Relapse Prediction using Wearable Data through Convolutional Autoencoders and Clustering for Patients with Psychotic Disorders

April Yujie Yan, BS, MBI, Traci Jenelle Speed, MD, PhD, Casey Overby Taylor, PhD

Relapse of psychotic disorders occurs commonly even after appropriate treatment. Digital phenotyping becomes essential to achieve remote monitoring for mental conditions. We applied a personalized approach using neural-network-based anomaly detection and clustering to predict relapse for patients with psychotic disorders. We used a dataset provided by e-Prevention grand challenge (SPGC), containing physiological signals for 10 patients monitored over 2.5 years (relapse events: 560 vs. non-relapse events: 2139) [1,2]. We created 2-dimensional multivariate time-series profiles containing activity and heart rate variability metrics, extracted latent features via convolutional autoencoders, and identified relapse clusters. Our model showed promising results compared to the 1st place of SPGC (area under precision-recall curve = 0.711 vs. 0.651, area under receiver operating curve = 0.633 vs. 0.647, harmonic mean = 0.672 vs. 0.649) and added to existing evidence of data collected during sleep being more informative in detecting relapse. Our study demonstrates the potential of unsupervised learning in identifying abnormal behavioral changes in patients with psychotic disorders using objective measures derived from granular, long-term biosignals collected by unobstructive wearables. It contributes to the first step towards determining relapse-related biomarkers that could improve predictions and enable timely interventions to enhance patients’ quality of life.

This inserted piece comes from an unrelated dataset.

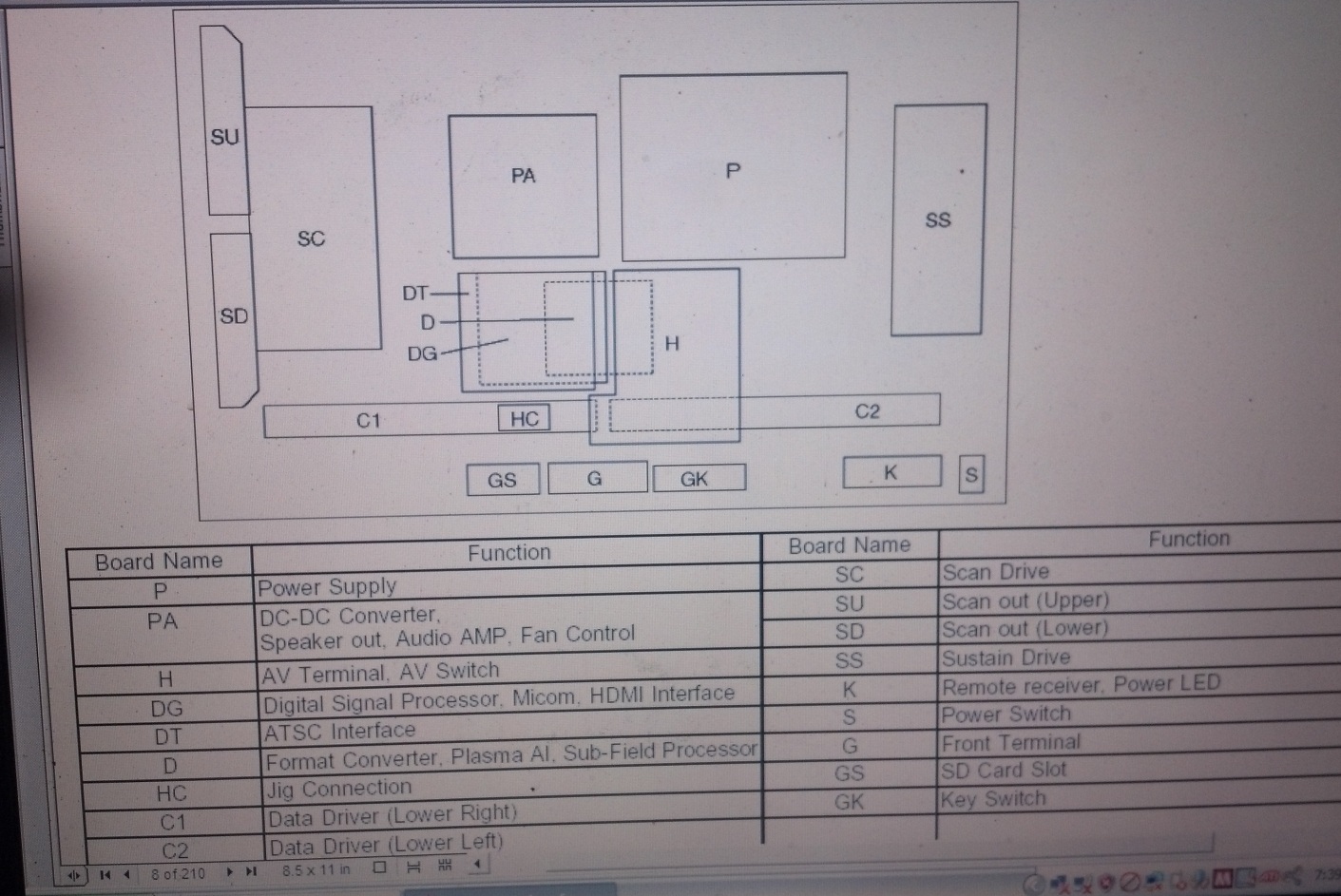 I downloaded the service manual and 7 blinks is... Driver SOS 2 (SC floating voltage area) Test points SU/SD/SS board

Yan, A.Y., Speed, T.J. & Taylor, C.O. Relapse prediction using wearable data through convolutional autoencoders and clustering for patients with psychotic disorders. Sci Rep 15, 18806 (2025). https://doi.org/10.1038/s41598-025-03856-1

Dataset

The e-Prevention SPGC 2023 [1,2] provided a public dataset containing physiological signals of 10 patients with psychotic disorders, recorded in Samsung Gear S3 smartwatches for a monitoring period of 6 months. Physiological biosignals included users’ linear and angular accelerations (20Hz), heart rate and RR intervals (5Hz), sleeping status, and steps. Daily relapse status was annotated by clinicians by reviewing their monthly assessments and communication with their physicians and/or family members. Data were split into train (only non-relapsed state), validation (both states with each labeled relapse and non-relapse), and test (both states but unlabeled) sets. Data have been made publicly available and can be downloaded here: https://robotics.ntua.gr/eprevention-sp-challenge/.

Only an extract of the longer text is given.